In order to study and specify whether Ethylic alcohol is just a nitrogen adsorbent or not, we used 400gr glass bide with 100gr smeary Ethylic alcohol on adsorbent column. This test is done as previous condition, through passing air, we found that Ethylic alcohol does have low intention to Adsorption of N, alcohol wash method is done with 150% ethylic alcohol on Z13XI that describe on preparation of adsorbent section. Adsorption experiment on this bed has been done in two consequence cycle its breakthrough has shown in figure (8). In this condition purity changing is low.

Figure (8). Breakthrough curves of alcohol wash bed

On the following, in order to study better, we washed bed with less alcohol. In order to ready an reuse adsorbent, put Z in oven at 120c for 24hrs.

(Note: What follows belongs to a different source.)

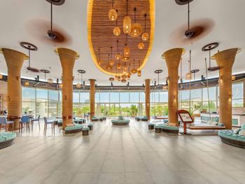 В остальном отель полностью разочаровал. На пляже кусаются песчаные блохи, а в море планктоны. Цвет воды зеленовато-коричневый, сама вода грязная (при нас туристы вытащили со дна чью-то футболку). Белый песок на пляже привозной и уже почти полностью смыт водой, остался желтый. Пляж от мусора персонал отеля не чистит. Хоть отель и достаточно новый все номера просто в ужасном состоянии, угввзданые. Убираются ужасно, ничего не протирают, пол всегда грязный, несмотря на то, что у нас была высокая категория номера. Вода в отеле золотая, стоит 4 евро очень маленькая бутылочка. В разных барах все коктейли и количество вина в бокалах отличается, хоть и стоят везде одинаково. Еда в ресторане однообразная. НЕТ ассортимента фруктов и морепродуктов, рыбы, то зачем мы ехали к морю и хотели наесться. Персонал плохо обслуживает, очень медленно, как будто специально не замечает и практически не говорит по-английски, объяснится очень сложно. Также, в отеле очень СКУЧНО и по вечерам совершенно нечего делать. Играет только живая, но далеко не танцевальная хоть и живая музыка в баре. На это все развлечения закончены. За территорией ничего кроме грязного местного рынка тоже нет. Так что если вы любите отдыхать весело, то вам точно не в этот отель. И, последнее, в отеле есть «спортзал» в котором две дорожки и пару тренажеров и размером он как маленькая комнатка 4 на 4, так что занимался там невозможно, особенно когда много народу.
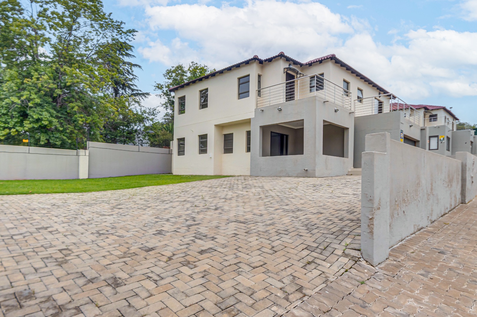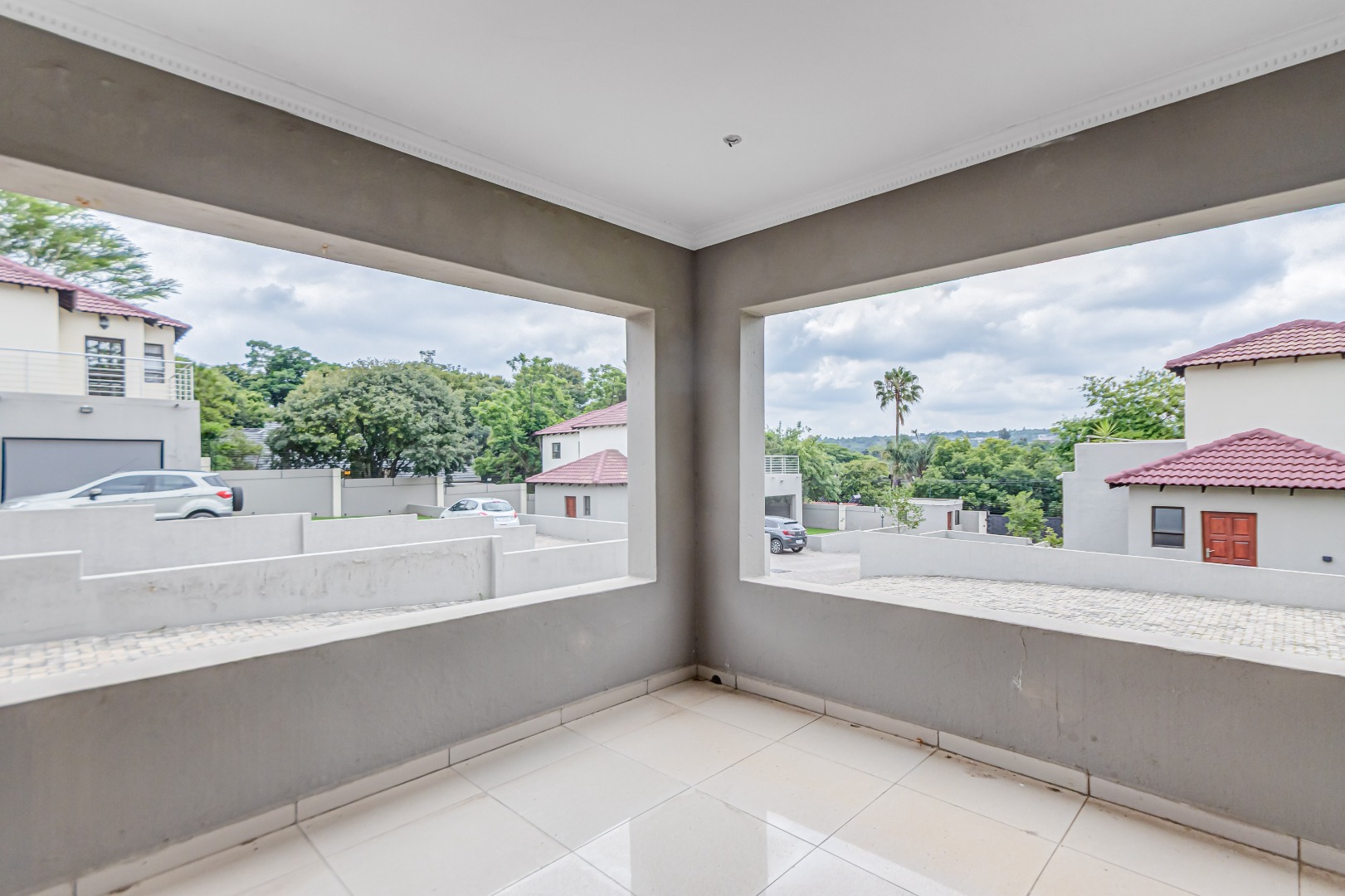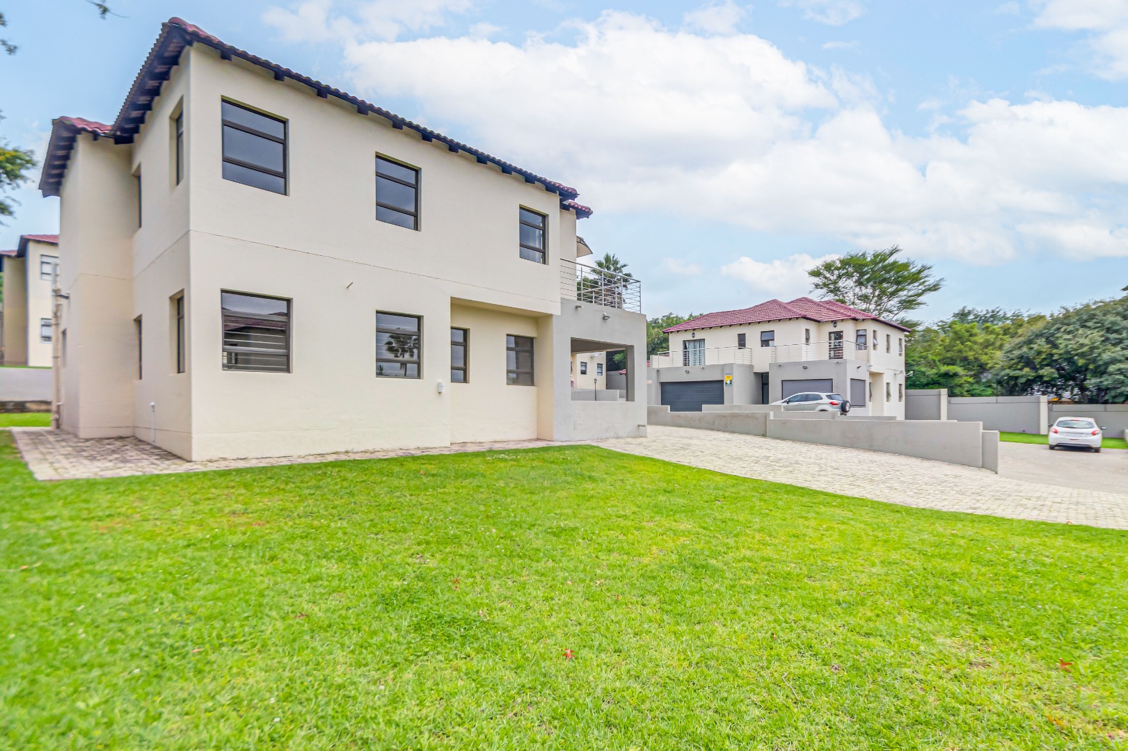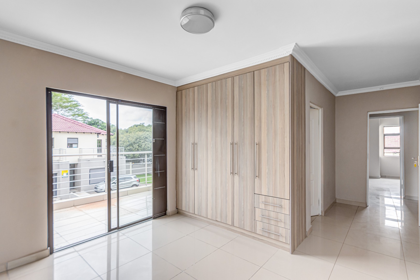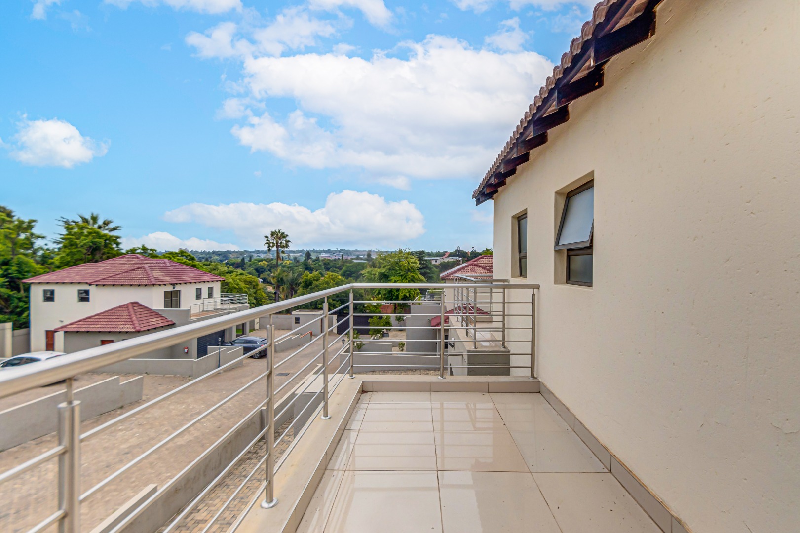 Upstairs, you’ll find three generously sized en-suite bedrooms. The main bedroom is a true retreat, offering his-and-her basins and ample cupboard space. The second and third bedrooms both open onto private balconies, adding to the sense of space and comfort.

The adsorption on two consequence cycle is shown in figure (9).

Figure (9). Breakthrough of regenerated heat adsorbent Z (13X I) after alcohol wash

These results proved that related Z in this condition is a N adsorbent. By using heat, its property will improve in the first experiment, Z was washed with %10 alcohol, and mixed 10 min, so that, solution color did not change any more. During mixing, a large amount of solution attracted to inner pores of Z. This action is exothermic, thus we filtered it and put it in oven for 2hrs at 120°C. Its breakthrough are respectively %10 and %20. (see figure 10).

Figure (10). Breakthrough curves of alcohol wash with 10, 20% adsorbent

We found that decrease N adsorption, therefore, we use more percent alcohol, but did not happened any changes. This result show that with alcohol wash method hydroxide (OH) coated adsorption site on inner surface of particle and causes reduce nitrogen adsorption property of (Z13 X I).

4. Conclusions

One of the ways of modify Z structure, is acid wash method that acidic state of Z ready through direct ion exchange with acid. The experimental results show that size, form of adsorbent molecule, and its structure would change in acid wash method, that has impact on capacity of adsorption process. The findings show, when adsorbent is exposed under heat, nitrogen exists from adsorbent micro pores .From the view of thermodynamic nitrogen capturing inside micro pores, shows weak value bond, that its enthalpy increases by accretion heat, thus, this bond ill break and separate, indicates through hydrodynamic changes, we will not be able to remove all absorbed nitrogen, but by doing thermodynamic method, ill bonds will become weak and adsorbent would be lack of N. The results show that, we finally may access to fixed adsorb value.